Climate change documentary Kiss the Ground—which made its debut on Netflix last fall—is now being offered to schools for free. Backed by a slew of celebrities and activists, Kiss the Ground took seven years to make and focuses on regenerative agriculture as a means to move away from current, climate-damaging practices such as factory farming, use of pesticides, and fossil fuels. Directed by Rebecca and Josh Tickell, the film offers a variety of solutions to combat climate change, including improving rice cultivation, tree intercropping, and shifting to a diet rich in plants. Narrated by vegan actor Woody Harrelson, Kiss the Ground spotlights a variety of global activists working to save the world’s topsoil through regenerative practices and features appearances by actors Ian Somerhalder, Patricia Arquette, David Arquette, model Gisele Bündchen, and musician Jason Mraz, among others. 

Free for Schools
This month, Kiss the Ground: For Schools became available for free to all schools, teachers, students, and community educators. The 45-minute educational version of the film features additional scenes not included in the full-length version of the film such as an interview with actress and social justice advocate Rosario Dawson and Lakota tribe elder Tony Tenfingers. The educational film is also available in 18 languages, including English closed captions, Spanish, Mandarin, and Hindi. “’Kiss the Ground: For Schools represents a watershed moment for our country’s educational system,” Director Rebecca Tickell said. “This is the first time that climate change reversal through regeneration and drawdown will be taught in classrooms—both online and in person. The new version of the film for schools and the forthcoming curricula will provide powerful new tools to students everywhere.”

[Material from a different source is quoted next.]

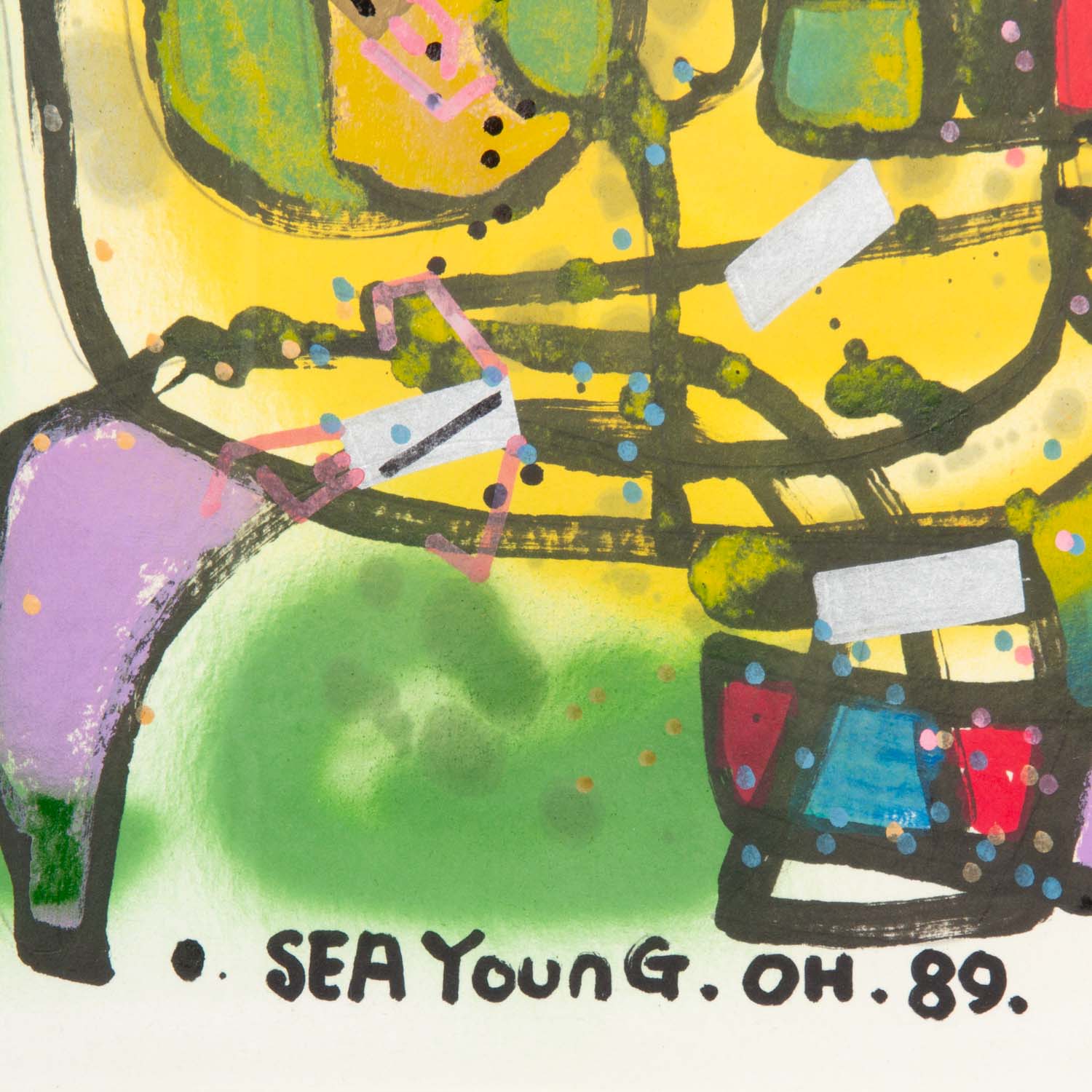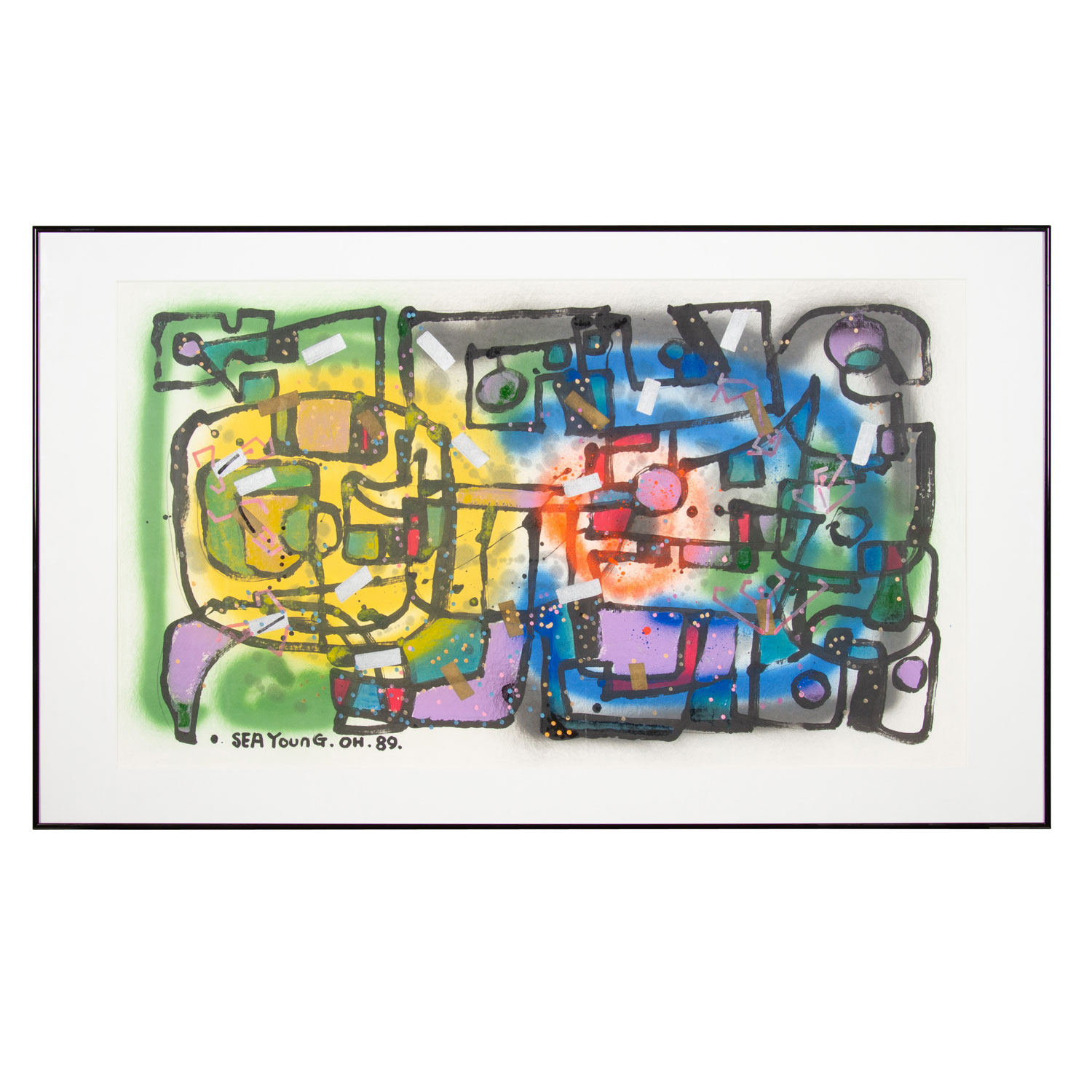 Mischtechnik, u. li. bezeichnet und datiert 'SEA Young.OH.89.', HxB: Passepartout-Ausschnitt ca. 48,5x85 cm (60,5x102 cm mit Rahmen). Altersspuren, leicht gebräunt. Im Passepartout hinter Glas gerahmt (Alters- und Beriebspuren).

The film creators also partnered with the National Science Teaching Association (NSTA) to create supplementary teaching materials, such as lesson plans and student activity sheets, which will be available to educators in March ahead of Earth day through NSTA will also develop and distribute a follow-up curriculum on Earth Day, April 22, 2021. 

“Rebecca and I are proud to present this new version of Kiss The Ground for free and make it widely available online to 114,000 US schools and to over 35 million students nationally and millions more internationally,” director Josh Tickell said. “One of the key messages in our film is today’s youth are the best positioned leaders to implement the practices of regeneration and climate change reversal.”